[racket-dev] my '312' this semester, how we compare to others

From: Neil Van Dyke (neil at neilvandyke.org)
Date: Thu Apr 21 14:01:25 EDT 2011

Matthias Felleisen wrote at 04/21/2011 01:07 PM:
> -A- I demanded that students deliver their functionality via Unix shell scripts, and so I did so too. My tcsh scripts check the argument number and pass the arguments on to Racket. Firing up one of my clients or servers takes several seconds. All other language implementations appear to bring up their servers or clients instantaneously.
>   

I only see slow performance like that from non-GUI Racket when the 
Racket code is not yet compiled, and perhaps when the files that need to 
be read (or ELF loaded) by the OS are not in OS caches.

The "racket" REPL executable startup *did* seem to get a lot slower a 
while ago -- a few seconds -- compared to the old "mzscheme" REPL.  But 
5.1 was less than 1 second to REPL prompt when I tried it just now.
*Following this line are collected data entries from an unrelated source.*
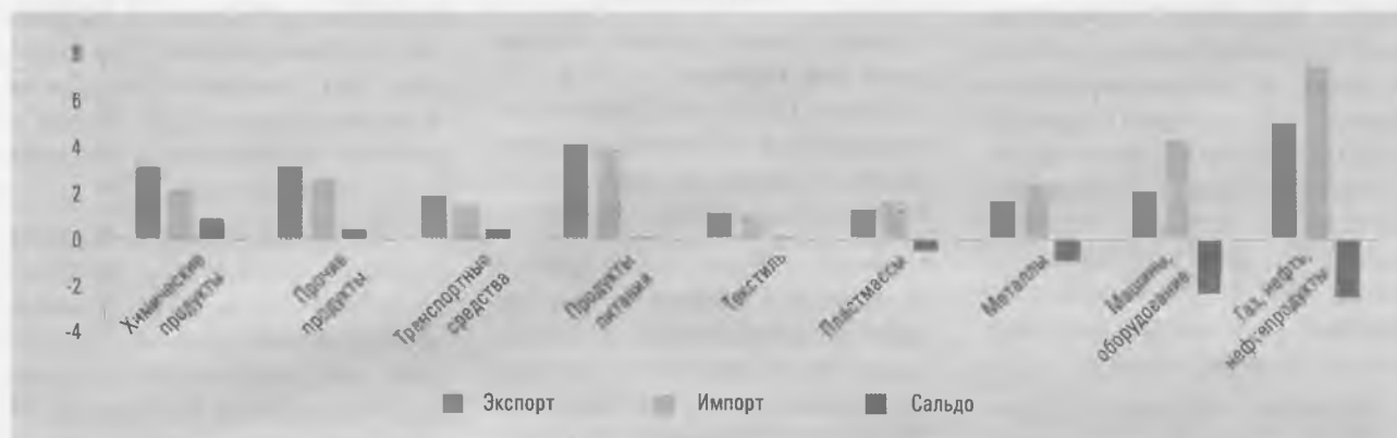
РИС. 1. САЛДО ВНЕШНЕЙ ТОРГОВЛИ БЕЛАРУСИ ПО ВАЖНЕЙШИМ ТОВАРАМ В 2016 г., ПО ДАННЫМ ПЛАТЕЖНОГО БАЛАНСА, МЛРД USD

изводства – мы можем только осуществлять сборку из готовых компонентов (например, у нас производят мотоциклы) либо реализовать полный технологический цикл (так выпускают тракторы). Отметим, что в белорусских автобусах и грузовых автомобилях двигатель и коробка передач импортные, а это составляет до 40% их стоимости. Приведенные примеры показывают, что данных платежного баланса недостаточно для анализа внешне-торговой специализации страны.
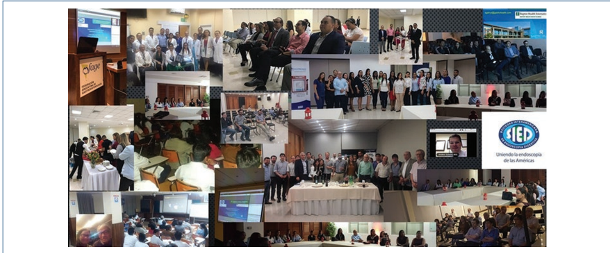
Figura 8. Sociedades miembros conectadas vía internet durante el primer Webinar SIED. 20 de marzo, 2019.
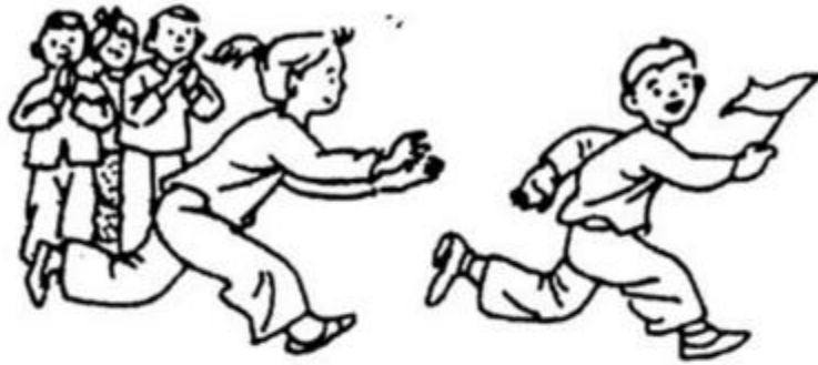
trò chơi chớp cờ
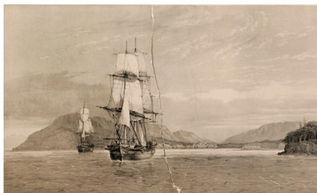
Figura 3. Le Breton, L. «Anclaje de las corbetas en la bahía San Nicolás». Lámina n° 9 del tomo primero del atlas ilustrado de la expedición (1846). Museo Regional de Magallanes.

prevista para zarpar desde el puerto de Tolón el 1.º de septiembre de 1837, con rumbo al mar de Wedell, en el océano Antártico —en la práctica, sin embargo, el viaje se inició con seis días de retraso—. Luego de la exploración del Polo Sur, se contemplaba una visita al estrecho de Magallanes, para posteriormente
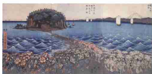
歌川広重「相州江之嶋弁才天開帳参詣群集之図」
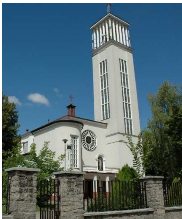
Kościół pw. Najświętszego Serca Pana Jezusa
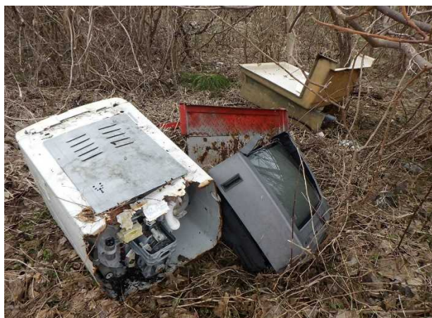
粗大ゴミ（洗濯機、ブラウン管TV、 ユニットバス他）
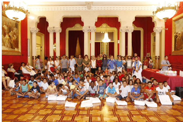
Visita dels infants del programa Vacances en Pau al Parlament de les Illes Balears
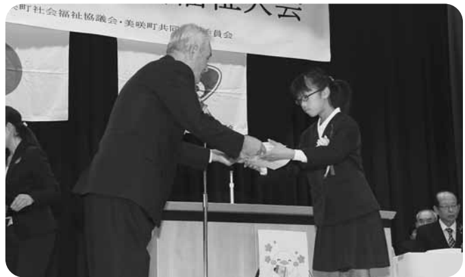
募金箱応募者の表彰の様子
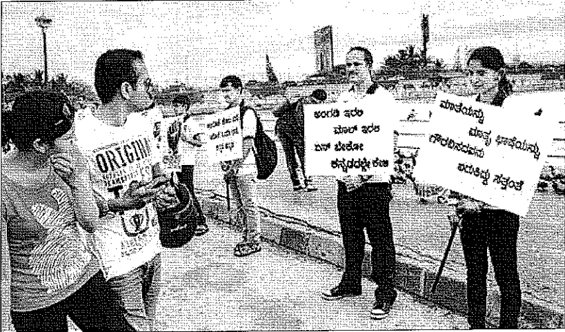
'ನಗರದ ಕಂಕಣ ನಾಡು-ನುಡಿಗಾಗಿ' ಸಂಸ್ಥೆಯ ಸದಸ್ಯರು ಭಾನುವಾರ ಸ್ವಾಂಕಿ ಕರೆಯ ವಾಯುವಿಹಾರಿಗಳಿಗೆ 'ಕನ್ನಡ ಮಾತಾಡಿ' ವಿಶೇಷ ಅಭಿಯಾನ ನಡೆಸಿದರು.
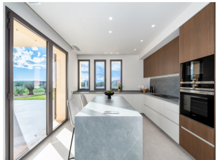
Moderne Einbauküche mit Kücheninsel
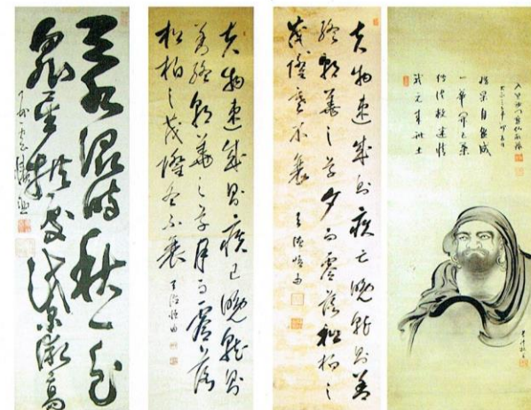
大本山永平寺歴代禅師遺墨
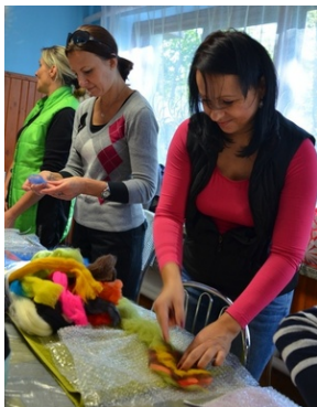
Zajęcia plenerowe #22
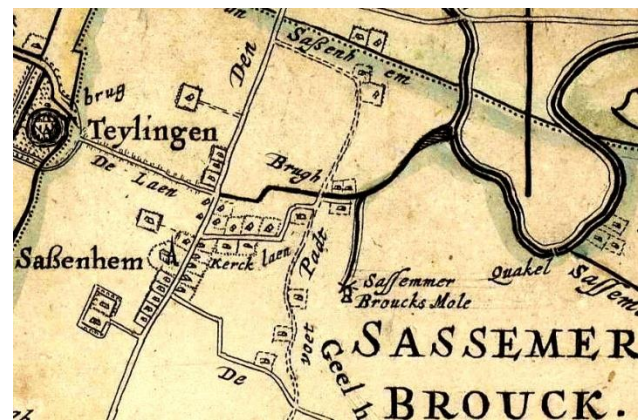
Uitsnede van de kaart van Rijnland uit 1647, door Steven van Brouckhuysen en Jan Jansz Dou.

aan de bovenloop van de Leede, in de Sassemerbrouck, een molen ingetekend staan. De Leede was van oudsher de natuurlijke afwatering van deze Sassemerbrouck, richting Cleypoel (Cleene Poel) en Hellegat. De molen stond er dus in ieder geval vóór de inpoldering van de Lisserpoel. Op de kaart van Rijnland uit 1647 staat de molen er nog steeds, aangeduid als Sassemer Broucks Mole. Na samenvoeging met de Vrouwenpolder in 1658, werd ook een nieuwe molen op een andere locatie en met een grotere capaciteit in bedrijf genomen om beide polders te kunnen bemalen. Deze molen zou later bekend worden als de ‘Molen van Berkhout’. De molen van de Vrouwenpolder daarentegen stond ooit aan het zuid-einde van een voet Padt, dat liep vanaf de Sassenheimervaart tot aan de Zandsloot. Maar terug naar de eerste molen aan de bovenloop van de Leede. Waar stond, omgerekend naar huidige inzichten, nu deze molen? We hebben gelukkig enige aanwijzingen die we voorzichtig zullen volgen. Allereerst zijn er de twee kaarten van Rijnland waarop die molen voorkomt en ons een globale situering meegeven, maar ook niet meer dan dat. Op de kaart van 1615 staat de molen halverwege de oude bovenloop ingetekend, hetgeen niet onlogisch lijkt, daar het zuidelijke deel dan tevens als momentocht gefungeerd kan hebben.
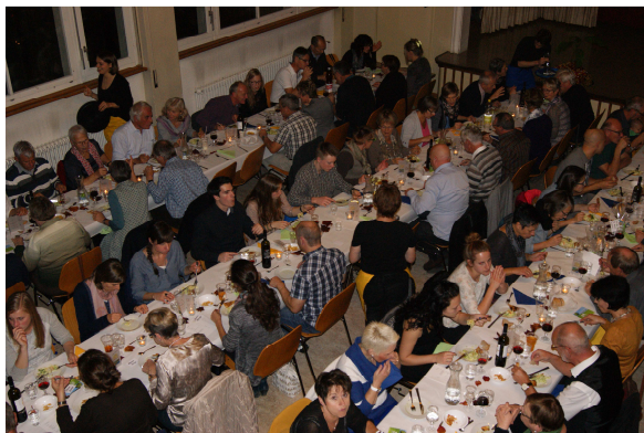
Den Gästen scheint es zu schmecken
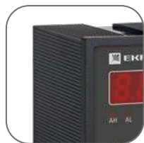
Корпус изготовлен из не поддерживающей горение пластмассы
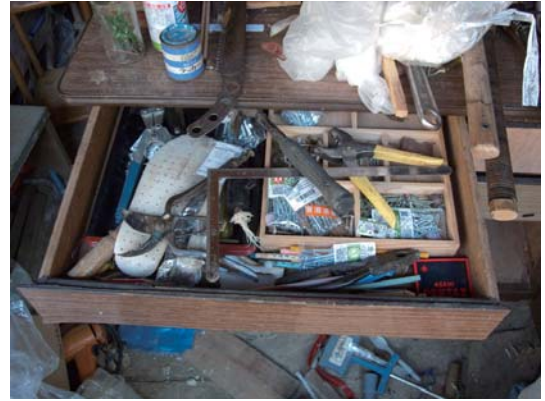
石川卓磨 | Public Assets | 2012 | Lambda print | 393 x 492 mm
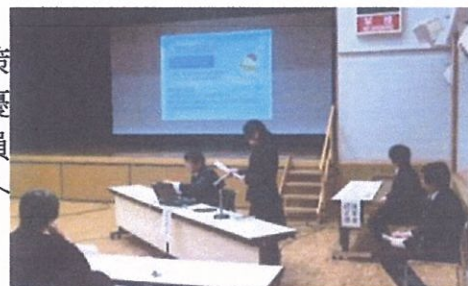
〈春日部メソッド実践発表会〉

市内小・中学校教職員による特色ある教育施策の提案を公募し、優れたものを表彰している。優れた提案は、春日部メソッド実践発表会（教職員提案制度に係る提案発表会）にて、市内教職員への周知を図っている。昨年度の実践発表会では、19の実践・提案が発表された。
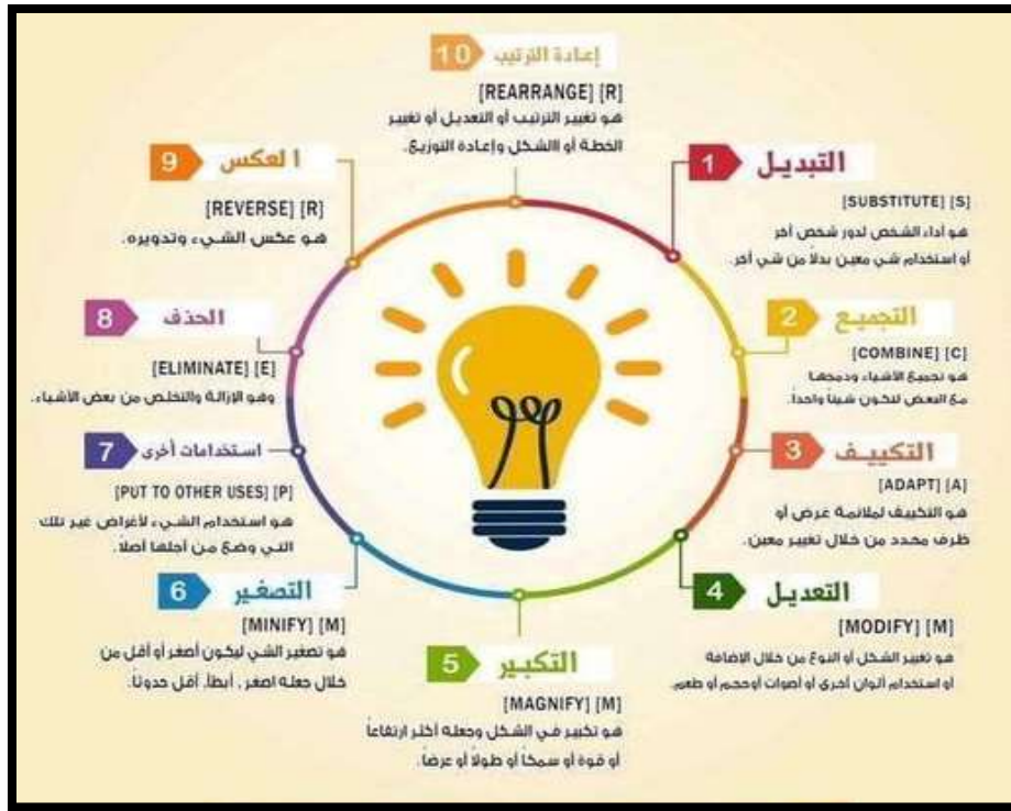
الشكل (4): أدوات سكامبر (SCAMPER)

فاعلية برنامج سكامبر "SCAMPER" التعليمي في تنمية القدرات الإبداعية لدى أطفال الروضة..... م.د. إيمان يونس إبراهيم
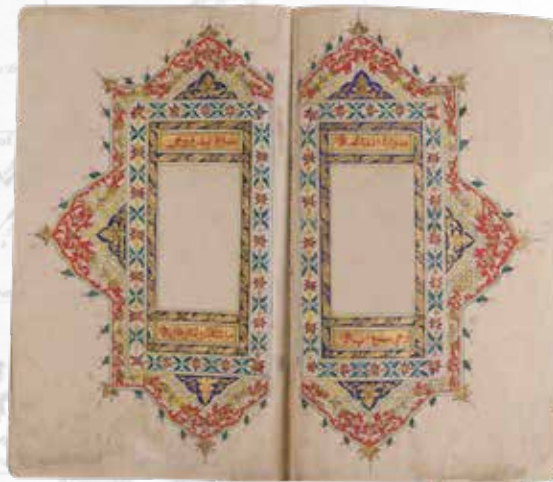
Contoh ragam hias Al-Quran Melayu
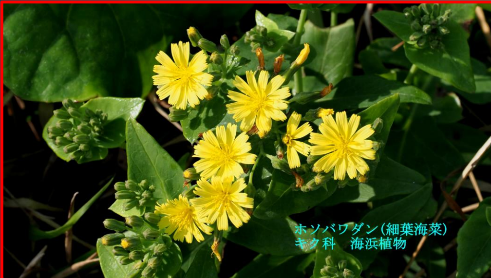
ホソバワダン(細葉海菜) キク科 海浜植物
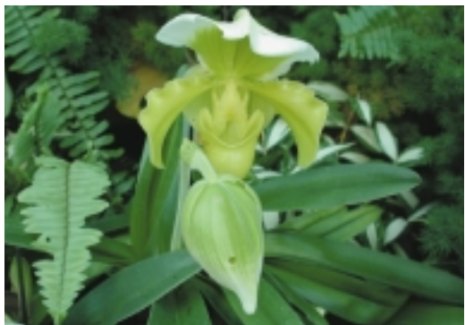
鱗翅目幼蟲為害狀
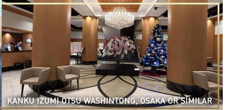
KANKU IZUMI OTSU WASHINTONG, OSAKA OR SIMILAR

วันที่ 2 ปราสาทฮิเมจิ – โรงกลั่นสาเก NADAGIKU - โกเบ พอร์ท ทาวเวอร์ – ย่านชินเซไก (B/L/–)
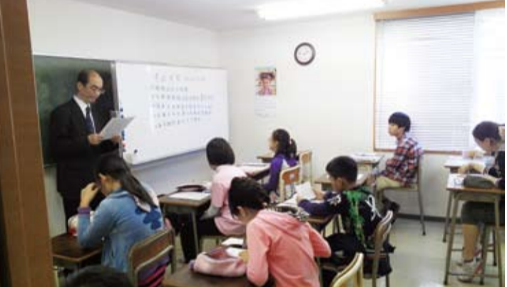
華語能力測驗除了有助於了解華語程度，也是華僑子弟申請「海外聯招會」回台入學的華語文能力參考標準

【本報訊】位於池袋的東京語文學院於4月7日舉辦台灣的中文檢定「華語文能力測驗」(TOCFL)預試，有來自週末中文學校的學生和各語言學校學中文的社會人士，近70位考生應試。

Three shell script tips that shouldn't matter much, but might speed you 
up a little: (1) Consider using "/bin/sh" or "/bin/bash" instead of 
"tcsh", since the old rule is Bourne for scripting, C-shell for 
interactive; (2)  In the "#!" line, use command line options to disable 
shell features that load various system and user rc files, since these 
are slow to read and interpret, and can be huge like completion tables, 
plus in a production app other people's shell rc files can introduce 
instability; (3) After your script does the minimal stuff it has to do 
in shell rather than Racket, use an "exec" to fire off "racket", so that 
everyone can forget sooner that shell ever happened.